AI overview
The local inference stack, model tiers, gating, and what is real versus stubbed.
The AI subsystem is shipped but experimental. It is fully local by default, off by default, and gated behind one setting. This page is the map; RAG and Skills and tools go deeper.
The stack
Inference runs through llama.cpp server processes, not in-process bindings. LlamaCppServerManager spawns llama-server.exe per model role and LlamaCppHttpTextService talks to it over the local OpenAI-compatible HTTP API. Processes start on the first generation request, never at app boot, and ResourceGovernor serializes model use and unloads idle models after the AI.UnloadTimeout.
Models live under %LocalAppData%\mnemo\models\ (lowercase root), scanned by ModelRegistry:
| Role | Folder | Port | Purpose |
|---|---|---|---|
| Manager | text/manager | 8000 | Routing, skill classification, conversation summaries |
| Low | text/low | 8001 | Fast chat, vision when an mmproj is present |
| Mid | text/mid | 8002 | Reasoning tier |
| High | text/high | 8003 | Reasoning tier for strong hardware |
| Embedding | embedding/bge-small | none | ONNX, see RAG |
| STT | audio/STT | none | Whisper tiny model for dictation |
AIModelsSetupService downloads model zips from the project’s GitHub releases; HardwareDetector and HardwareTierEvaluator pick a recommended tier. GPU use is a setting (AI.GpuAcceleration).
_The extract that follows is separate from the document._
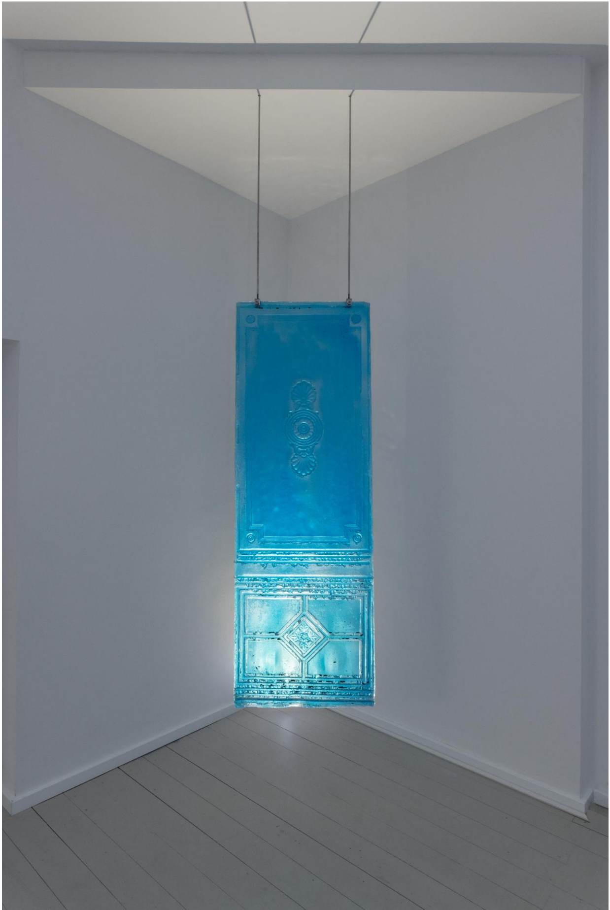
Constantin Hartenstein, Trap (II) , 2022.

There are no OpenAI, Anthropic, or Ollama clients in the codebase, and no API key surface. The one cloud path is the developer-only Vertex Gemini “teacher” client used for dataset work, gated behind hidden developer settings plus explicit credentials.
A chat turn
flowchart TD
UI["ChatView / right sidebar"] --> CSH[ChatStreamingHelper]
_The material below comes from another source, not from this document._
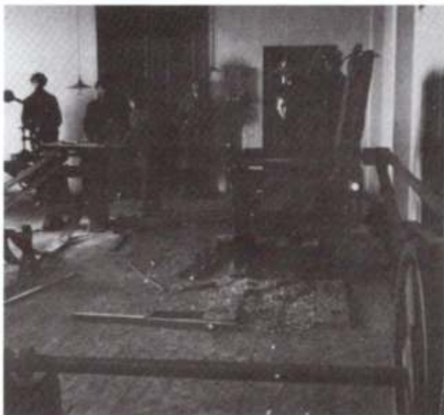
Taller en Dvinsk, con máquinas a correa.

CSH --> ORC[AIOrchestrator]
ORC --> OLS["OrchestrationLayerService<br/>routing + skill selection"]
OLS --> SPC["SkillSystemPromptComposer<br/>prompt + tool schemas"]
ORC --> TGS[DelegatingTextGenerationService]
TGS --> LLM["LlamaCppHttpTextService<br/>localhost"]
ORC --> TD[ToolDispatcher]
TD --> FR["IFunctionRegistry<br/>feature tool handlers"]
ORC --> MEM["ConversationMemoryInjector<br/>summaries + recall"]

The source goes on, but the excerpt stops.